Not that you’d know it from the rhetoric President Obama and fellow Democrat are happily flinging at Republicans who dare to oppose the measure.
“I don’t know why you would resist the idea that women should be paid the same as men and then deny that that’s not always happening out there,” Obama said Tuesday. “If Republicans in Congress… want to show that they do care about women being paid the same as men, then show me…They can join us, in this, the 21st century and vote yes on the Paycheck Fairness Act.”
...
Before you start checking the byline at the top of this piece and emailing the editor that there’s been a terrible mistake, let me be clear: I support ensuring that women receive equal pay for equal work — I have a bit of a vested stake in that issue myself. Unequal pay remains a problem, although not at the women-earn-77-cents-on-the-dollar level of Democrats’ sloganeering. Most relevantly, I’d vote for the Paycheck Fairness Act in the unlikely event that someone elected me to Congress.
But the level of hyperbole — actually, of demagoguery — that Democrats have engaged in here is revolting. It’s entirely understandable, of course: The Senate is up for grabs. Women account for a majority of voters. They tend to favor Democrats. To the extent that women — and in particular, single women — can be motivated to turn out in a midterm election, waving the bloody shirt of unequal pay is smart politics.

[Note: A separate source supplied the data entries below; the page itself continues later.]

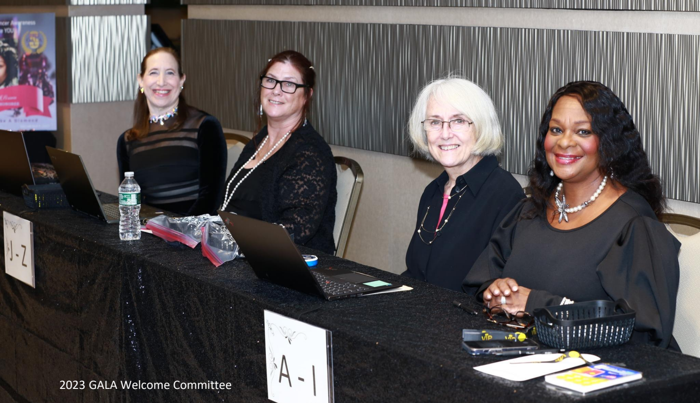
2023 GALA Welcome Committee
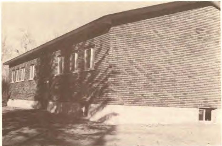
Front view of the new Thunder Bay church school.

There are twenty-eight students enrolled at the school in eight grades. Two teachers share the duties which include scrubbing washrooms, floors, and splitting wood for the furnace.
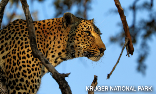
KRUGER NATIONAL PARK
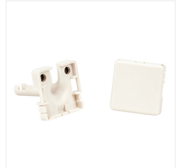
Micro Point-of-Entry Wall Cover
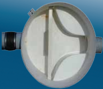
ENERGY ABSORBING MANHOLES
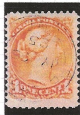
PETERBORO, ONT JY/28/85 0.00365"

Printing order # 92 Ordered March 11, 1885 4,000,000 stamps Pale orange-yellow Perforated 12.1 PEU June 6, 1885 Paper 15Vt.
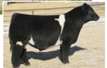
JSUL Revolution 4383 ET
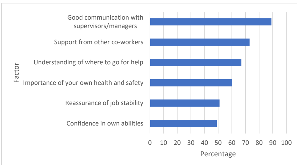
Figure 2: Factors that would encourage you to speak up about health and safety

Participants in the survey were asked how confident they would feel about speaking up about a health and safety issue on a Likert scale ranging from 1-5. The majority of respondents (63 per cent) were classified as confident as they ticked 1 “very confident” and 2. A further 20 per cent were described as neutral and 17 per cent were described as not being confident. When asked who they would feel confident to talk to about health and safety issues, 81 per cent said their boss/manager, 81 per cent their co-workers, 62 per cent friends and family, 59 per cent their supervisor, 35 per cent their head of department and 28 per cent their health and safety advisor; only one participant reported no one. Participants were then asked what factors would encourage them to speak up about workplace health and safety issues, the results are presented in Figure 2.
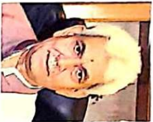
LIEUTENANT GOVERNOR JAMMU & KASHMIR
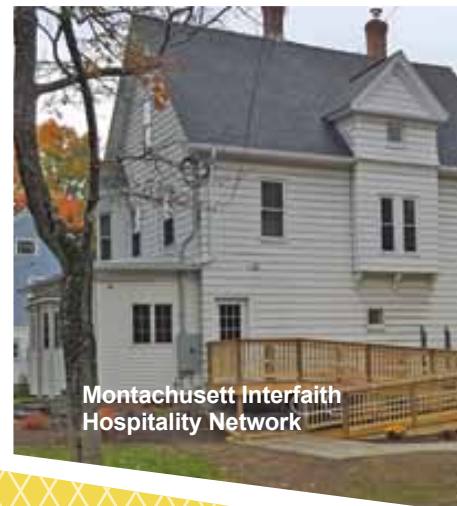
Montachusett Interfaith Hospitality Network
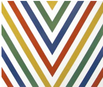
Candyman , 2008 30 x 36", oil on canvas

Opening reception Thursday, October 30, 6-8 pm
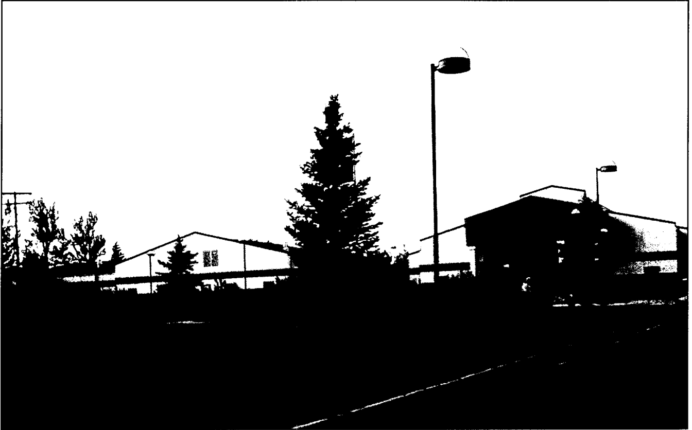
Montana State Hospital, modern facilities Wikimedia Commons, October 17, 2012, Montanabw; Warm_Springs_State_Hospital_02.jpg
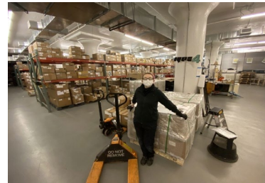
Workers producing face shields at Adafruit
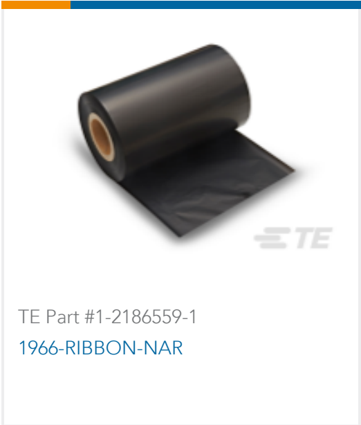
TE Part #1-2186559-1 1966-RIBBON-NAR
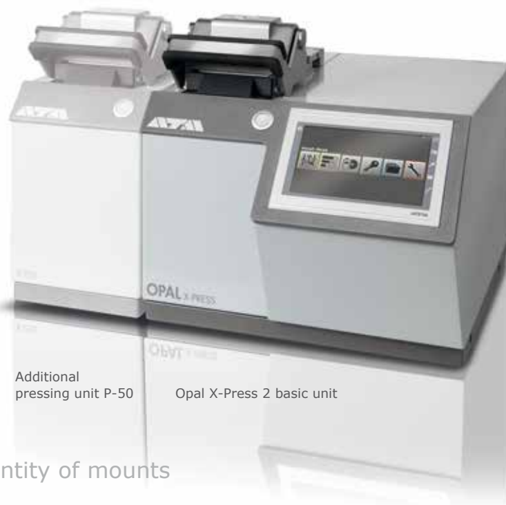
Additional pressing unit P-50

The Opal X-Press 2 is the perfect choice for small and medium quantities of mounts. The basic unit already includes one pressing unit and can be extended with 1 additional mounting unit at any time. The additional unit is operated independently and simultaneously. It may be placed on the left or on the right side of the basic unit.
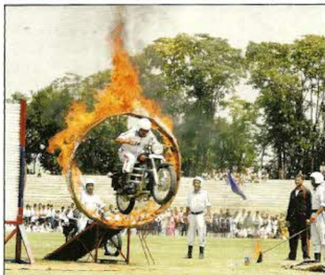
A stunt displayed by Dare Devil Team of J&K Police during the Independence Day function at Bakshi Stadium Srinagar
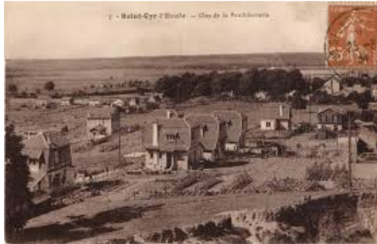
HBM "Art déco" on destroyed fortifications
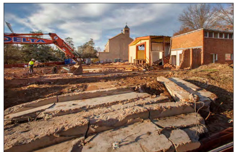
Demolition work will continue on the Manuka precinct site until the end of June, weather permitting.
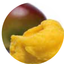
Mango with Indian mango

Most of our fruit flavors are naturally suitable for a vegan diet as they are made without milk and/or animal fats to enhance the quality fruit with which they are made, furthermore, thanks to our "gelato making" technique their texture remain silky and soft. They are also perfect to be served with our vegetarian flavors, rich in milk from our stable.
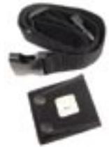
Belt & Clip for Holster
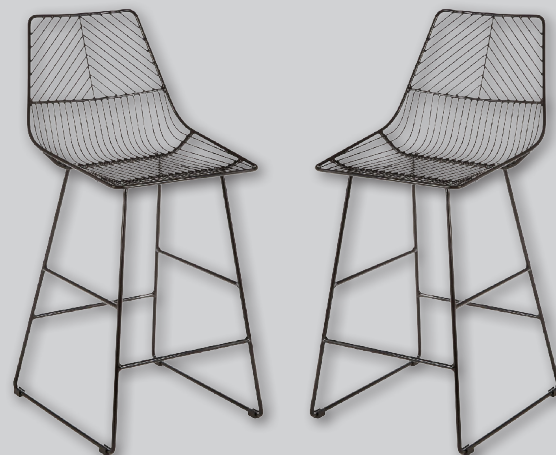
CONTEMPORARY METAL BAR STOOLS
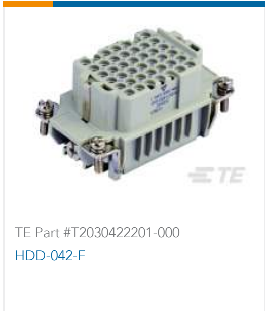
TE Part #T2030422201-000 HDD-042-F
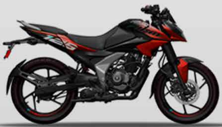
EBONY BLACK COCKTAIL WINE RED
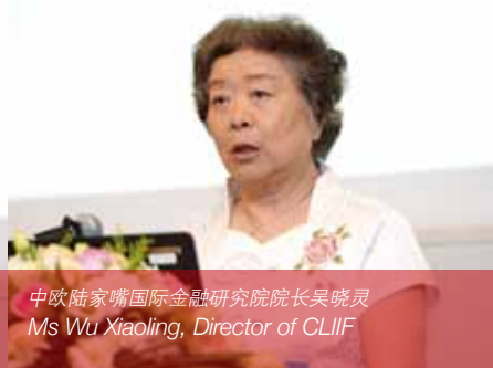
中欧陆家嘴国际金融研究院院长吴晓灵 Ms Wu Xiaoling, Director of CLIIF
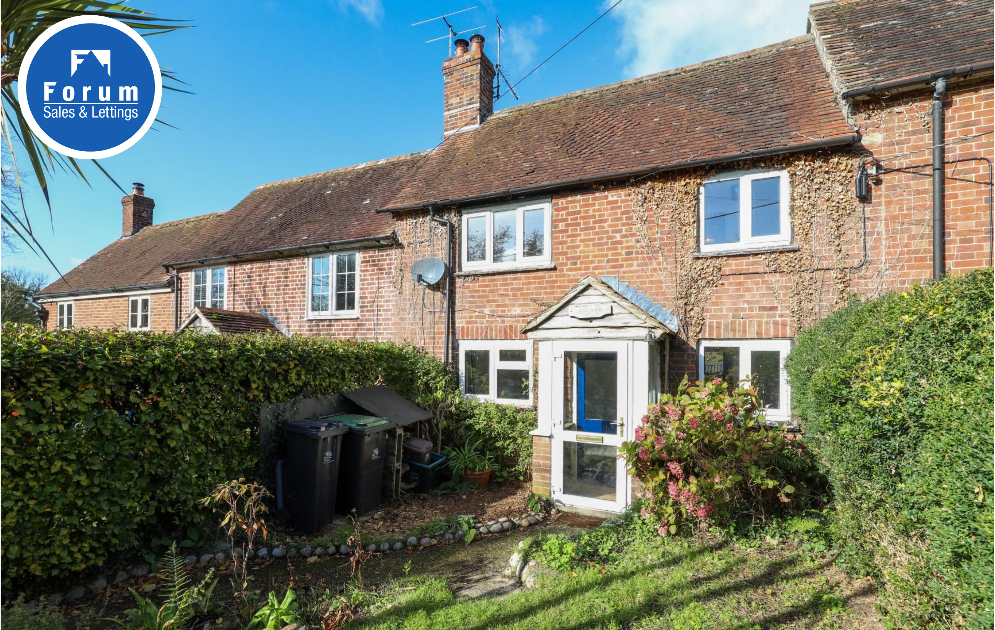
3 The Common, Child Okeford, Dorset DT11 8QY
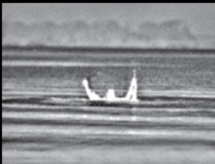
Person in water waving for help
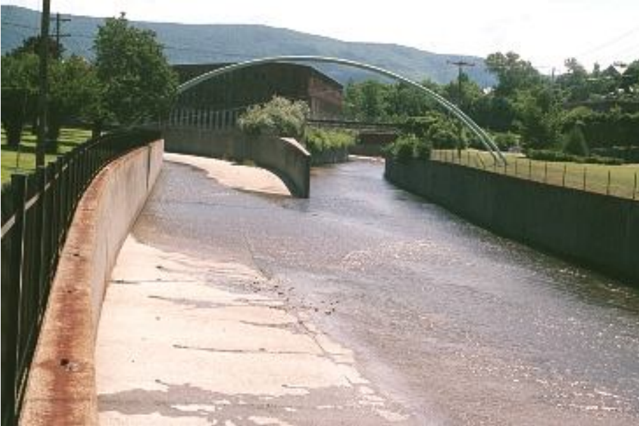
Channeled confluence of the North and South Branches in North Adams.

On Saturday June 26, from 9 a.m. to 4 p.m., at St. Elizabeth's of Hungary Parish Center, Milone and McBroom, an engineering, landscape architecture, and planning firm will lead a discussion on the flood chutes in North Adams – how to preserve their flood control functions while, at the same time, making them recreational and cultural amenities and drivers of economic growth. Many communities around the nation have been able to create 21 st century flood control systems that also benefit fish and other aquatic organisms, allow for appropriate river access, and promote waterfront developments of many kinds.

Fairness is another matter. Since President John F. Kennedy signed the Equal Pay Act in 1963, it has been illegal for employers to pay women less than men for the same work. Of course, that wasn’t the end of the legislative story. As the case of Lilly Ledbetter demonstrated, numerous tweaks and improvements to the law have been required along the way. Ledbetter, for example, was stymied by the fact that — in part because of company policy banning the sharing of salary information — she did not know she was being paid less than male counterparts; by the time she realized and filed suit, according to the Supreme Court, the statute of limitations was up. Congress fixed that situation for future plaintiffs, which seems like a matter of simple logic and equity.'
---
Ed. note: Wikipedia on Ruth Marcus here. No one can accuse her of party lockstep, anyway!